Data extract:

══════════

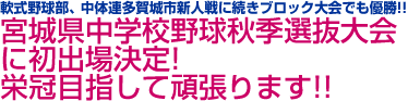 軟式野球部が、先日初優勝に輝いた第6回東北少年新人野球宮城県大会に続いて、中体連多賀城市新人戦、さらに中体連・ブロック大会でも優勝の栄冠を手にしました。
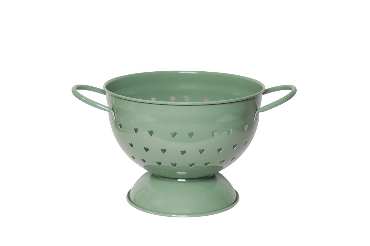 Sage colander with cute hearts all over for an easy draining. This colander can also be used as a bread basket or a basket for fruits or vegetables.
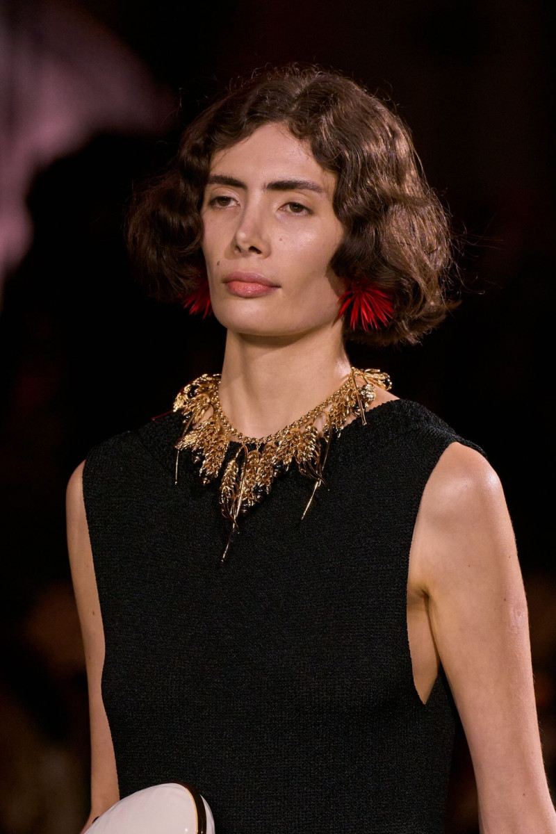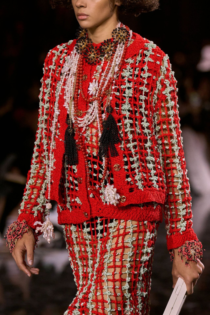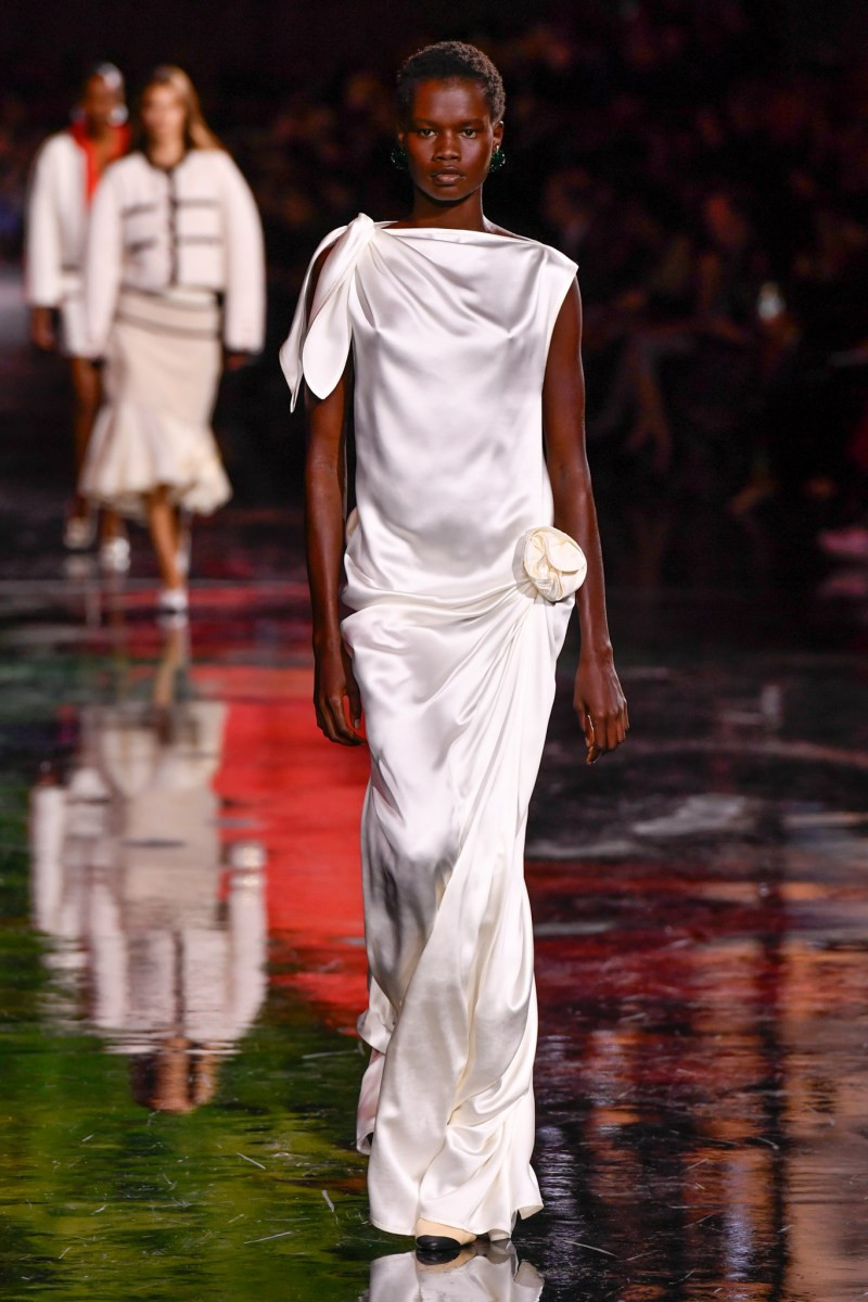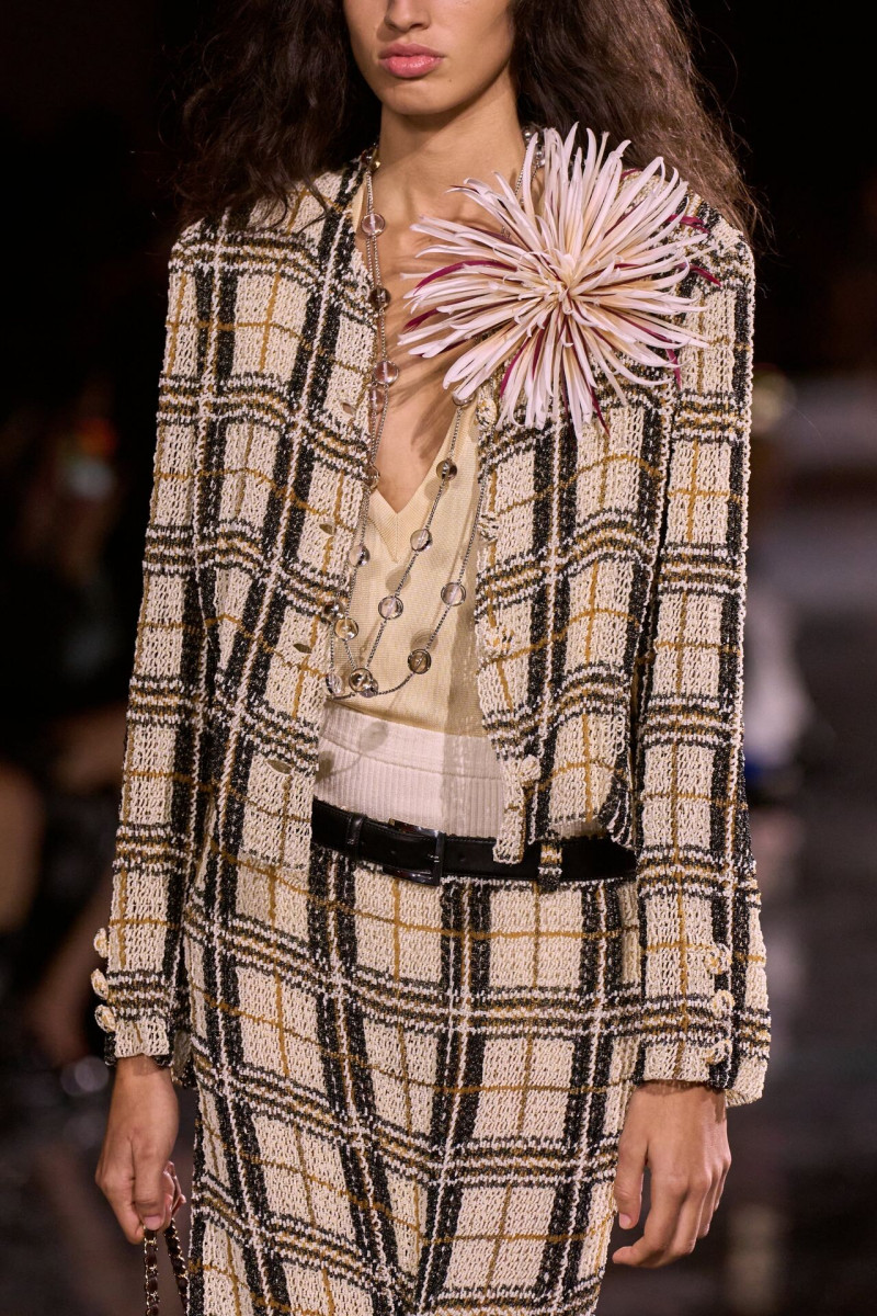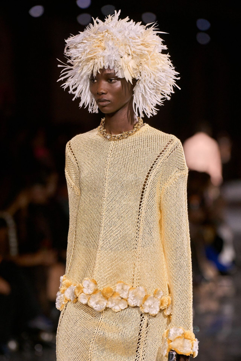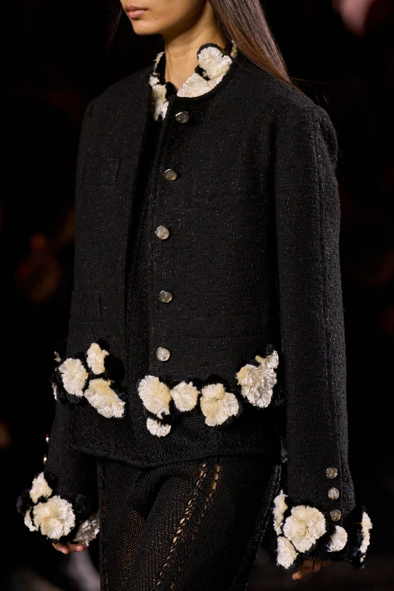 Помимо «очень Chanel» несколько образов на подиуме были «очень Блази». Дизайнеру позволили эту креативную вольность, как когда-то позволяли Карлу Лагерфельду. Мы увидели почерк дизайнера в образах с юбками-фламенко, головными уборами, похожими на «соломенные» парики, цветочных мотивах, выполненных из перьев.

══════════

Exercise requirements: Without the pictures, repeat the listing above exactly.

Problem solution:
 軟式野球部が、先日初優勝に輝いた第6回東北少年新人野球宮城県大会に続いて、中体連多賀城市新人戦、さらに中体連・ブロック大会でも優勝の栄冠を手にしました。
 Sage colander with cute hearts all over for an easy draining. This colander can also be used as a bread basket or a basket for fruits or vegetables.
 Помимо «очень Chanel» несколько образов на подиуме были «очень Блази». Дизайнеру позволили эту креативную вольность, как когда-то позволяли Карлу Лагерфельду. Мы увидели почерк дизайнера в образах с юбками-фламенко, головными уборами, похожими на «соломенные» парики, цветочных мотивах, выполненных из перьев.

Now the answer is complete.